The March trade report will be released on Tuesday at 8:30 AM ET, with a close look at the U.S. trade balance. Here are five things to look for in the report.
1. Decreased imports from China
Imports from China will continue to fall as the two countries attempt to sever their trade ties and navigate an increasingly rocky relationship. While the U.S. has cut off its relations with China, it has compensated for the drop by increasing trade with other countries.
2. Overall trade volume may decrease
As the dollar weakens, economists believe that the U.S. will increase its exports, with a caveat. “In the long run, a weaker dollar may also generate higher costs for foreign-made inputs and intermediate goods, and eventually make the U.S. exports less competitive,” said Wei Liang, an economist and professor at Middlebury Institute of International Studies at Monterey. “Another factor that may support the U.S. exports is the trade deals the White House has negotiated with the U.S. trading partners, often with those countries agreeing to lower their import tariffs for U.S. goods, while the U.S. can manage to keep 15%-20% tariffs for its exports into the U.S. market.”

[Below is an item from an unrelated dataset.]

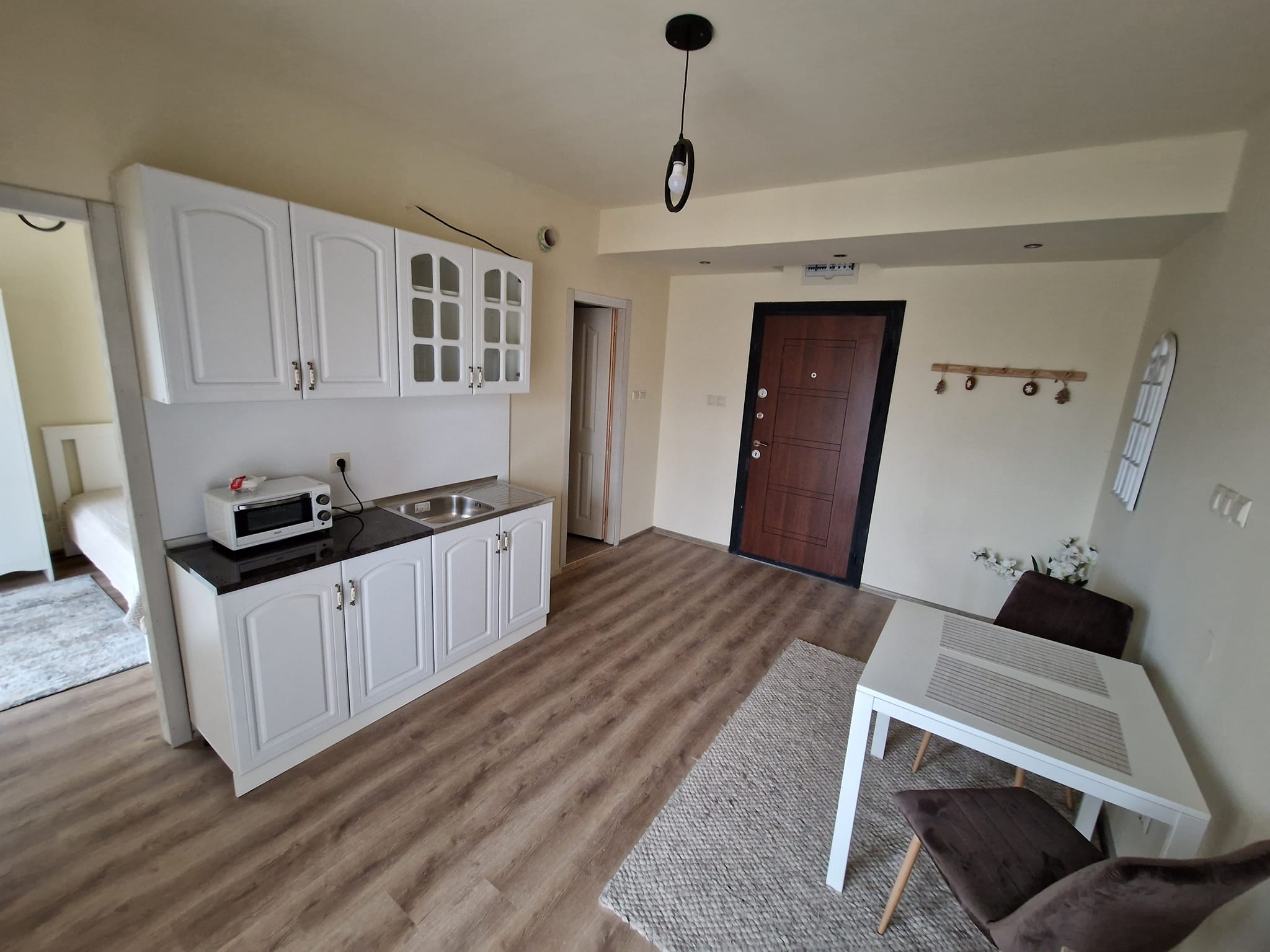 Квартира расположена на 2 жилом этаже, общей площадью 44 кв.м. и следующая планировка: гостиная с кухней. одна спальня, одна ванная комната с туалетом и терраса на западной стороне.

3. The U.S. will continue to export oil
As oil prices continue to rise globally due to the War in Iran, the U.S. will see growth in its oil exports as countries struggle to meet demand amid blockages in the Strait of Hormuz. Economists agree, however, that war and the oil crisis are inflationary, both domestically and globally, and will drive up the cost of production and disrupt the global supply chain.
4. Trade relationships will continue to change
Bilateral tariff deals and continuing developments will change the U.S.’s trade relations. Exports to allied economies, including the EU, Japan, and Canada, will continue to fall as in recent months, thanks to ongoing tariff wars. While the U.S. has abandoned the World Trade Organization, other countries, led by powers including Canada, Japan, and the EU, have helped maintain the global trading system, which may have a lasting impact on the role that the U.S. will play in the future global economy.
5. War in Iran will eventually slow down economic growth
While imports may have a momentary jump, the trade deficit will continue to grow. The War in Iran is destabilizing global energy markets and intensifying trade tensions, and economists believe that the long-term impact will slow down the U.S. economy and global economic growth.